■ **PROVIDED DATA**:
[Start of Attachment]
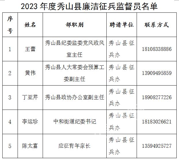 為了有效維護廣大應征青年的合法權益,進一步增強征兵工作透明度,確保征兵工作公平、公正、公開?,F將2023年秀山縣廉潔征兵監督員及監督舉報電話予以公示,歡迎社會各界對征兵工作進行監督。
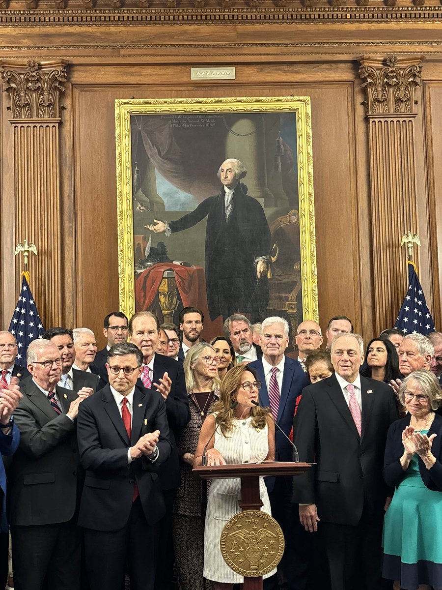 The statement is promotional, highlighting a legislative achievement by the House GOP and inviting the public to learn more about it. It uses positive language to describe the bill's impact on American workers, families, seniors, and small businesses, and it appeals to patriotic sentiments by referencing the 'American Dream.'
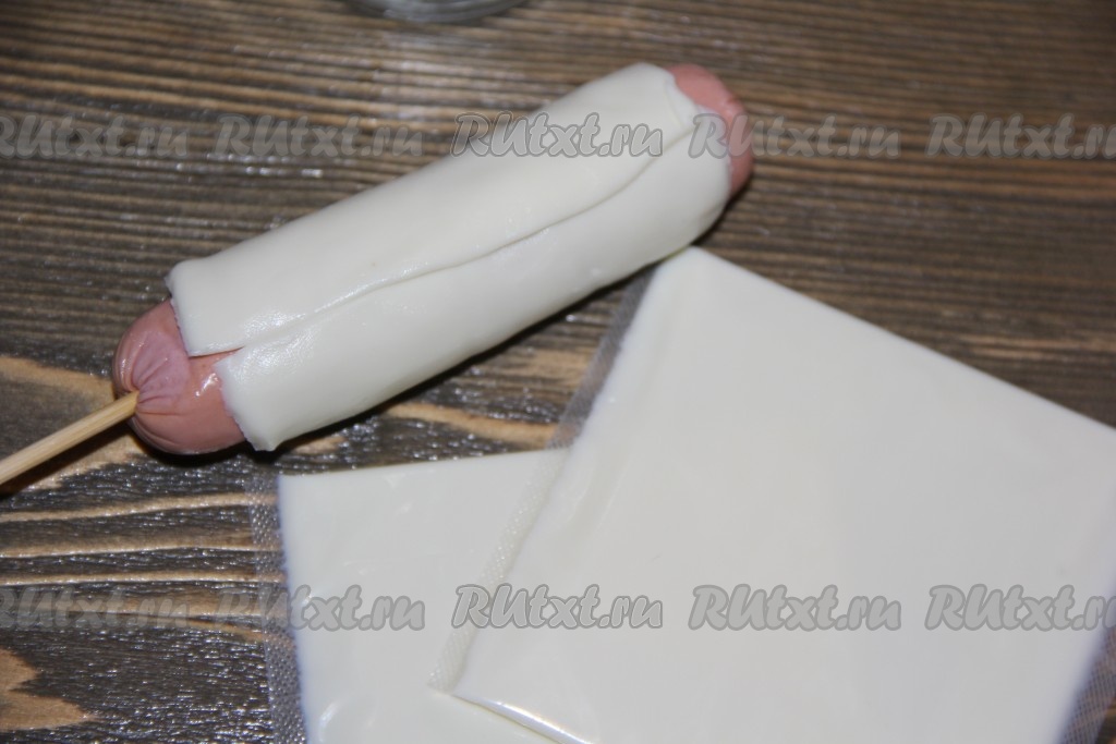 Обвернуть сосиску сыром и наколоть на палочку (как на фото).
[End of Attachment]
With pictures omitted, restate exactly every line from the one containing "The statement is" through the last line of the material, inclusive.

 The statement is promotional, highlighting a legislative achievement by the House GOP and inviting the public to learn more about it. It uses positive language to describe the bill's impact on American workers, families, seniors, and small businesses, and it appeals to patriotic sentiments by referencing the 'American Dream.'
 Обвернуть сосиску сыром и наколоть на палочку (как на фото).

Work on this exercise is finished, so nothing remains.